Whose Victory? One Year Later, Affirmative Action Ruling Solves Little, by Tom Florip


Last June marked the first anniversary of the U.S. Supreme Court’s Grutter v. Bollinger decision, which upheld the use of racial preferences at the University of Michigan (U-M) but struck down an “admission points” system quantifying those preferences. U-M President Mary Sue Coleman called it a victory for that ever-trusty buzzword “diversity,” and speculated that the ruling “will go down in history as among the great landmark decisions of the Supreme Court.”

Maybe so, but it’s not turning out to be the type of landmark President Coleman had in mind. Grutter v. Bollinger is neither a symbol of equality nor a beacon of hope for minorities. It’s a tombstone marking the burial of integrity and acceptance. One year later, evidence shows the cheerleading should have been tempered. While administration bigwigs gloated about their “victory,” I’m now more interested in the decision’s impact for U-M students like me. Was it our victory?

When I return to Ann Arbor this fall along with 40,000 other students, we might notice the campus is a little bit whiter. Surprise! With 2004’s freshman class the first affected by the decision, one has to ask: How can a ruling upholding affirmative action lead to drops in minority applicants and enrollment? Black, Hispanic and American Indian applicants – those favored by admissions standards – are down a combined 23 percent from a year ago. Enrollment deposits (essentially confirmed acceptances) are down 13 percent for black students and up eight percent for whites.

Didn’t U-M rest its entire defense of racial preferences on the need to preserve a “diverse” student body?

U-M officials have a wealth of excuses. They cite a weak state economy for shifting admissions numbers, saying minorities aren’t applying due to cost. They are quick to note that the number of white applicants also are down, albeit not as much as for blacks (down a full 25 percent). But Michigan’s manufacturing-dependent economy has been asleep for four years. Why is the number of minority applicants down significantly only now?

Another excuse is the new application. Admissions officials say more essay questions scare away minority applicants. This implies, of course, that black college applicants are lazier or less ambitious than their white counterparts. More essays accounted for a 25 percent drop? Try again.

U-M spokeswoman Julie Peterson also said, “What students are worried about is, ‘Will I be welcomed and will I be going to a campus where I’m valued?'” Bingo. White and black students alike want others to know they belong.

This is the heart of the issue. The controversy the Grutter v. Bollinger decision generated meant U-M students – and, more significantly, prospective students – learned all about the school’s preferential admissions policy. The sad reality is that the policy ensures students can judge each other based on skin color – white students belong and are qualified, while some minorities might not be. This is the kind of environment racial preferences are supposed to promote? No wonder minority candidates didn’t flood the admissions office with applications.

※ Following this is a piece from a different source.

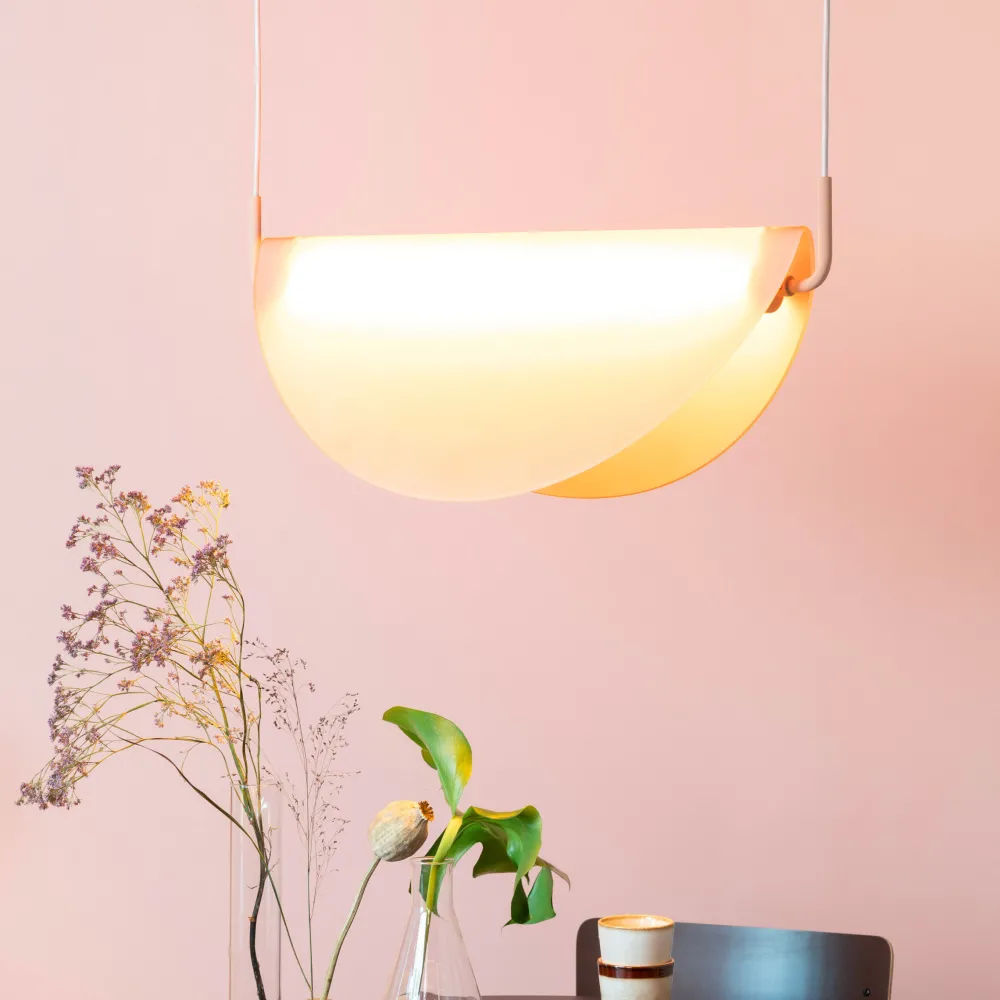 Krijg jij ook die fijne jaren 80 vibe van hanglamp Rani mee? We zijn er dol op! Rani is er in twee versies die op elkaar lijken maar toch heel verschillend zijn. De roze versie verstopt de moderne lichtbron als die niet aan staat, terwijl de variant met getint glas de lichtbron juist een hoofdrol geeft.

Criticism of affirmative action has thus far largely revolved around the injustice to a qualified white applicant passed over for a lesser-qualified minority. There is a second victim: The minority applicant who is admitted and qualified. I’ve talked to countless black students at U-M who lament they can’t help but feel uncomfortable when they walk into a classroom full of whites. They worry their peers will assume they are only there because they got 20 free admissions points (back when they were legal) simply for having black skin.

The U.S. Supreme Court did nothing to remove this stigma. Points no longer give a numerical edge to minorities in the admissions process, but the “Black/African-American” and “White/Caucasian” boxes are still checked and preferences remain. Having black skin at U-M is like having two scarlet letter As – for affirmative action – sewn onto your backpack. Maybe you’re qualified and belong, maybe you aren’t and don’t – but all minorities must wear them.

Perhaps the declining minority applicant numbers this year means blacks just can’t stomach that branding anymore. Grutter v. Bollinger is a landmark, indeed.